The tartan was registered with the Scottish Tartan Register STR 11700 by Dr George Carruthers of Fife as a personal tartan open to all named Carruthers or its derivatives. In 2017, it was accepted as the official tartan of the Carruthers Clan Society.

In January 2020, the designated category of the tartan was officially changed and registered and adopted by the Chief through the auspices of the Scottish Register of Tartans as the official Clan/Family tartan of Carruthers.

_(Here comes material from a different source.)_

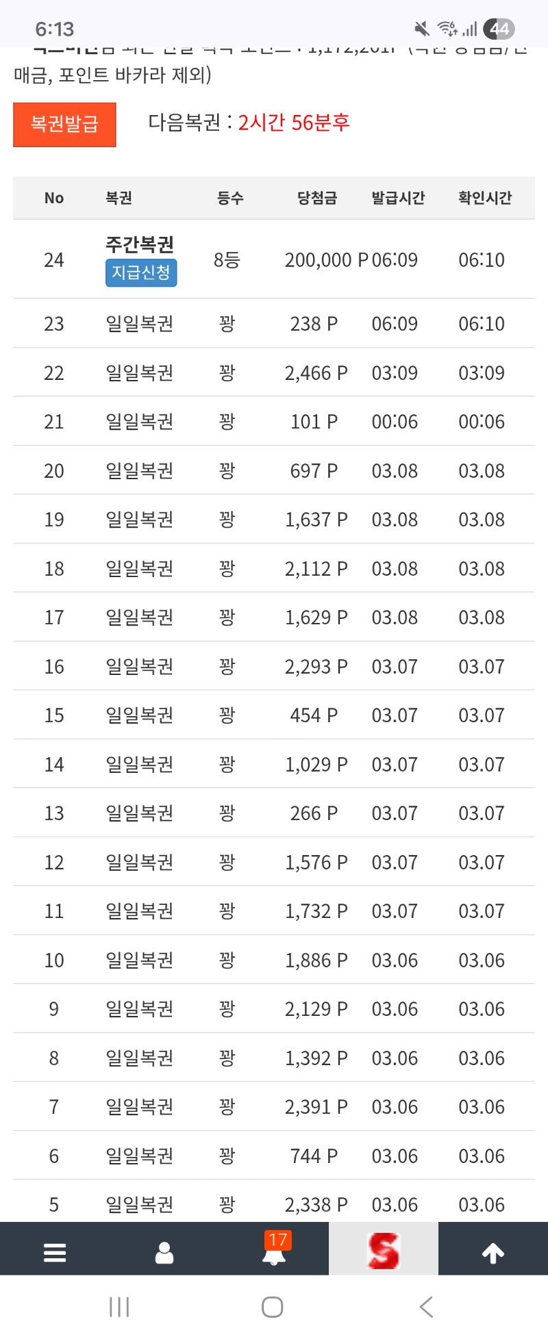 주간복권8등 맥스머신 6 0 0 06:14:51 *기프티콘 바코드 노출 주의* <- 기분좋은시작이네요ㅎ 로또복권도당첨좀되주겠니ㅋ 0 0 https://seulca1.com/bbs/board.php?bo_table=free&wr_id=3663398 Author 0 0 Lv.4 맥스머신 4 216,129 (38%) 맥스머신님 보유 포인트 : P 1,209,974 +1 03.09 6랩에길은 멀고도 험한.. +6 03.09 주간복권8등 +5 03.09 좋은아침입니다 +1 03.09 출석 +3 03.07 좋은아침

The Carruthers red tartan is currently woven by the House of Edgar in Perth, Scotland and is the official tartan of Clan Carruthers. The tartan is available via the House of Edgar to all Kiltmakers worldwide.

==Clan Carruthers Society-(International)==
In January 2017, Clan Carruthers Society (International) was founded on a Royal Charter to Holmains dated 1755. It is officially recognised by the Chief of Carruthers as the official home of our family and the only society authorised to represent the worldwide Carruthers family and clan.

It is non-commercial, apolitical and non-partisan and is open to any member of the international Carruthers family and derivatives of that name. The Society is based in the United Kingdom, but is represented by an international Executive Council.

The Society, headquartered in Scotland, has representatives in Australia (CCS-Australia and Oceania), Africa (CCS-Africa) Canada (CCS-Canada) not for profit organisation, UK (CCS-UK), Europe (CCS-Europe, Africa (CCS-Africa) and the United States of America (CCS-USA), the latter being a registered 501(c)3 organisation.

It can be found at:

===Clan Society Badge===

The Clan Society's badge is the Seraphim Volant Proper, being the crest of the chief, encircled by a belt and buckle on which is inscribed his motto: Promptus et Fidelis. The Seraphim, as is the case in heraldic and religious depictions, has a face. The wearing of a Chief's crest as a badge shows a declaration of fealty and support for the Chief of Carruthers.

===Society Function===

The Society is non-commercial, apolitical and non-partisan and is open to any member of the international Carruthers family and derivatives of that name. The society, based in the United Kingdom is represented by an international Executive Council.

After more than 12 years, the Society were successful in their efforts to have Carruthers accepted as an official clan in their own right. This was achieved by supporting a petitioner to the Lyon Court in Edinburgh and led to the confirmation of a Dr Simon Peter Carruthers of Holmains, Chief of the Name and Arms of Carruthers, on 19 Aug 2019. He was inaugurated 22nd Chief of Carruthers on the ancestral lands on 24 August 2024 in Annan, Dumfriesshire, Scotland.